K–8 Classroom Self-Collection Using XpressCollect Nasal Swab: A Usability and Efficacy Study

Diagnostics 2022, 12(5), 1245; https://doi.org/10.3390/diagnostics12051245
by Kate Cox 1,*, Laura Haggerty 1, Kate Abeln 1, Luis Hernandez 2, Jessica Wicker 2, Leah Padgett 2 and Mary Beth Privitera 1
Reviewer 1: Anonymous
Reviewer 2: Anonymous
Reviewer 3: Anonymous
Diagnostics 2022, 12(5), 1245; https://doi.org/10.3390/diagnostics12051245
Submission received: 5 April 2022 / Revised: 13 May 2022 / Accepted: 15 May 2022 / Published: 17 May 2022
(This article belongs to the Section Point-of-Care Diagnostics and Devices)

Round 1

Reviewer 1 Report

Although the authors tried to evaluate the usability and efficacy of self-collecting device of nasal swab among K-8, this paper lacks of scientific interest. The only positive finding looks the difficulty of opening the screw of the collection kit, which may be easily resolved by the explanation of the teachers. The photos of classroom do not seem necessary. 

Author Response

Response to Reviewer 1 Comments

Point 1: Although the authors tried to evaluate the usability and efficacy of self-collecting device of nasal swab among K-8, this paper lacks of scientific interest. The only positive finding looks the difficulty of opening the screw of the collection kit, which may be easily resolved by the explanation of the teachers. The photos of classroom do not seem necessary.

 Response 1: Classroom photos have been removed.

Reviewer 1 asserts that the manuscript lacks of scientific interest, however this study is intended to be qualitative in nature as it follows best practices and the international standard IEC62366-1 :2015 Medical devices — Part 1: Application of usability engineering to medical devices. 

Reviewer 2 Report

This study was performed to determine whether students in kindergarten through 8th grade could use XpressCollect nasal swabs to self-collect a specimen under the guidance of a teacher. The study was carried out in 4 phases.  The initial phases, 1 and 2, were conducted as interviews with teachers and parents to assess the suitability of the XpressCollect for children in kindergarten through 8th grade. Feedback was obtained to develop and optimize instructional materials to be used in the follow-on phases. These materials included an instructional video, 5-step and 8-step instructions, and a teacher guide. In phases 3 and 4, teachers guided small groups of students and full classes of students through the sample collection process. Samples were analyzed  for the presence of Ribonuclease P on each nasal swab.

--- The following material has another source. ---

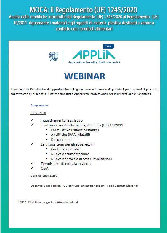 APPLiA Italia, in collaborazione con UL, ha organizzato un webinar riservato ai Soci Venerdì 19 Marzo sul tema: “MOCA: Il Regolamento UE 1245/2020. Analisi delle modifiche introdotte al Regolamento (UE) 10/2011 riguardante i materiali e gli oggetti di materia plastica destinati a venire a contatto con i prodotti alimentari”.

Adequate or inadequate sampling was determined based on an acceptable Ct value for each sample. The conclusion was that the students in all grades are capable of self-collecting an anterior nares sample.

Specific comments

A nice, well- executed study

Manuscript is well written

Author Response

Response to Reviewer 2 Comments

Point 1: This study was performed to determine whether students in kindergarten through 8th grade could use XpressCollect nasal swabs to self-collect a specimen under the guidance of a teacher. The study was carried out in 4 phases.  The initial phases, 1 and 2, were conducted as interviews with teachers and parents to assess the suitability of the XpressCollect for children in kindergarten through 8th grade. Feedback was obtained to develop and optimize instructional materials to be used in the follow-on phases. These materials included an instructional video, 5-step and 8-step instructions, and a teacher guide. In phases 3 and 4, teachers guided small groups of students and full classes of students through the sample collection process. Samples were analyzed  for the presence of Ribonuclease P on each nasal swab. Adequate or inadequate sampling was determined based on an acceptable Ct value for each sample. The conclusion was that the students in all grades are capable of self-collecting an anterior nares sample.

 

Specific comments

A nice, well- executed study

Manuscript is well written

 

Response 1: We request clarity on the paragraph provided in the comments/suggestions section. Is this intended to be a suggested revision to the Abstract?

Reviewer 3 Report

COMMENTS TO AUTHORS

Congratulation for the work performed while the efforts to review a self collection testing method for very young individuals and to evaluate the procedure followed aiming to to produce a homogenous informational conclusion for its usability.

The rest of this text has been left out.